[Dataset records]
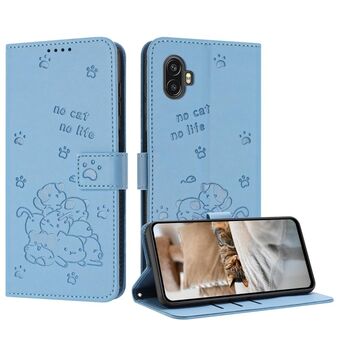 For Samsung Galaxy XCover6 Pro Embossed Kitten Phone Leather Case with Lanyard(Blue)
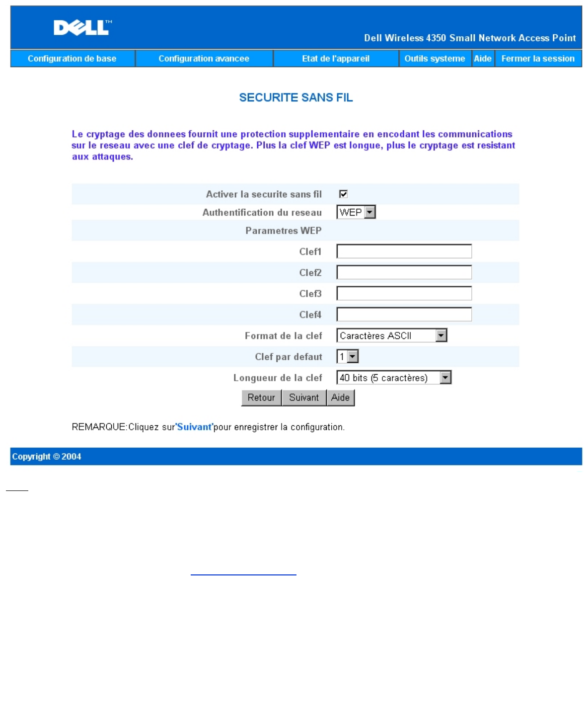 Le Point d'Accès de Petit Réseau sans fil Dell 4350 offre à la fois le mode PSK pour exécuter le WPA et l'authentification WPA avec
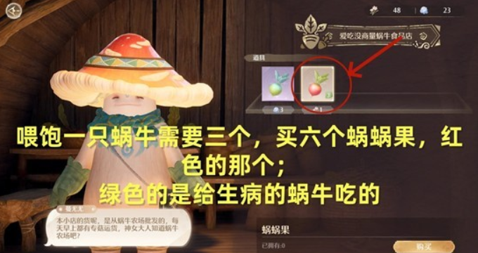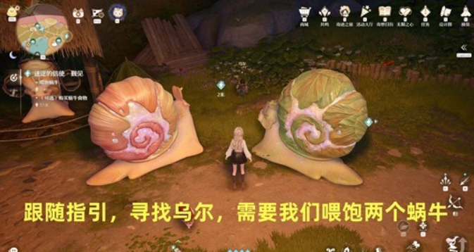 到地方后,需要我们喂饱蜗牛,如果没有蜗牛食物,可以去找曼尤尤购买(也就是爱吃没商量蜗牛食品店处)
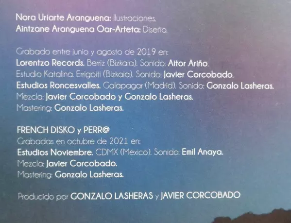 Bass Mikel Caballero | Drums Nacho Colis | Electric Guitar Gonzalo Lasheras, Jaime Alejandro Cornelio Yakaman | Music By, Lyrics By, Vocals, Programmed By Javier Corcobado | Organ [Hammond] Alicia Alemán | Trombone Oscar Aparicio | Vocals Aintzane Aranguena
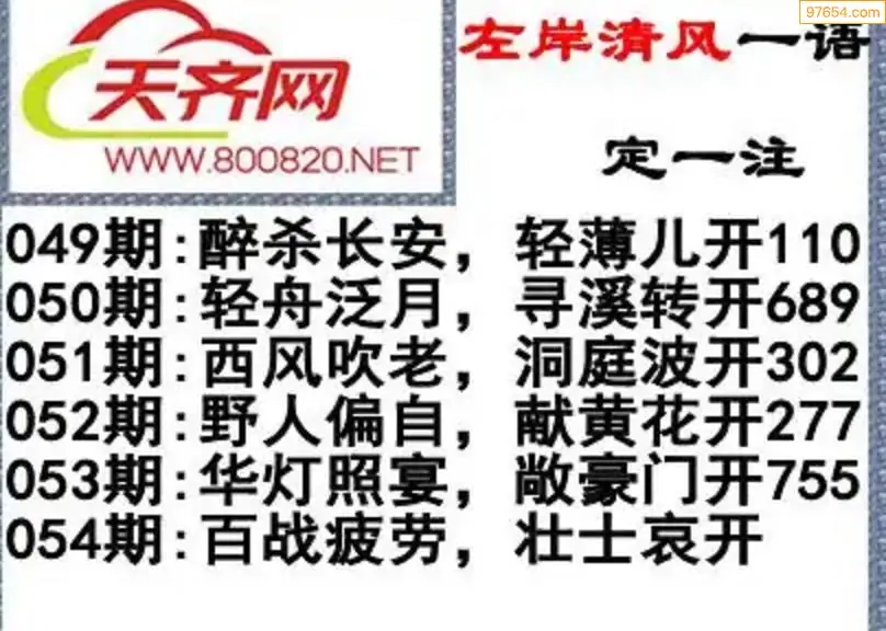 福彩3d左岸清风26年054期一语定一注
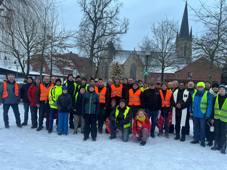 Nach der Einteilung und Verteilung der Touren an die rund 40 Helferinnen und Helfer mit ihren Sammelfahrzeugen sowie einem Gruppenfoto segnete Pastor Jestin Sam, Präses der Kolpingsfamilie Epe, nach einem gemeinsamen Gebet am Pfarrbüro die Helfer und ihre Fahrzeuge. Ausgerüstet mit Warnwesten sowie Orts- und Spenderlisten machten sich bei winterlichen Temperaturen – später ließ sich sogar die Sonne blicken – Jung und Alt auf den Weg durch Epe.
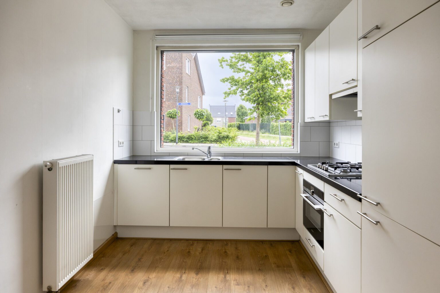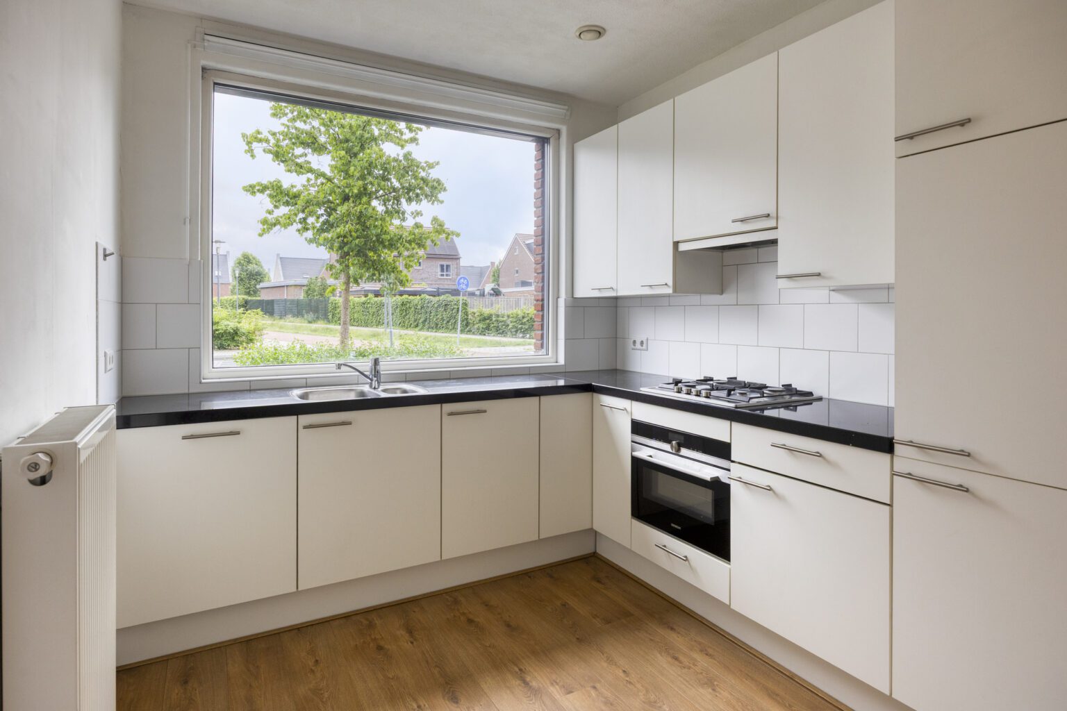 De hoekkeuken is voorzien van apparatuur zoals een oven, 4-pits kookplaat met afzuigkap, vaatwasser en een koel- en vrieskast. Er is voldoende plek op het natuurstenen blad om heerlijke maaltijden te bereiden, terwijl je vanuit de keuken fijn contact hebt met de straat. De vele kasten zorgen ervoor dat je je keukengerei gemakkelijk en overzichtelijk kunt opbergen.

* **PROBLEM DESCRIPTION**: Print out the records in full and exactly, dropping every picture.

* **OUTPUT BELOW**:
 For Samsung Galaxy XCover6 Pro Embossed Kitten Phone Leather Case with Lanyard(Blue)
 Le Point d'Accès de Petit Réseau sans fil Dell 4350 offre à la fois le mode PSK pour exécuter le WPA et l'authentification WPA avec
 到地方后,需要我们喂饱蜗牛,如果没有蜗牛食物,可以去找曼尤尤购买(也就是爱吃没商量蜗牛食品店处)
 Bass Mikel Caballero | Drums Nacho Colis | Electric Guitar Gonzalo Lasheras, Jaime Alejandro Cornelio Yakaman | Music By, Lyrics By, Vocals, Programmed By Javier Corcobado | Organ [Hammond] Alicia Alemán | Trombone Oscar Aparicio | Vocals Aintzane Aranguena
 福彩3d左岸清风26年054期一语定一注
 Nach der Einteilung und Verteilung der Touren an die rund 40 Helferinnen und Helfer mit ihren Sammelfahrzeugen sowie einem Gruppenfoto segnete Pastor Jestin Sam, Präses der Kolpingsfamilie Epe, nach einem gemeinsamen Gebet am Pfarrbüro die Helfer und ihre Fahrzeuge. Ausgerüstet mit Warnwesten sowie Orts- und Spenderlisten machten sich bei winterlichen Temperaturen – später ließ sich sogar die Sonne blicken – Jung und Alt auf den Weg durch Epe.
 De hoekkeuken is voorzien van apparatuur zoals een oven, 4-pits kookplaat met afzuigkap, vaatwasser en een koel- en vrieskast. Er is voldoende plek op het natuurstenen blad om heerlijke maaltijden te bereiden, terwijl je vanuit de keuken fijn contact hebt met de straat. De vele kasten zorgen ervoor dat je je keukengerei gemakkelijk en overzichtelijk kunt opbergen.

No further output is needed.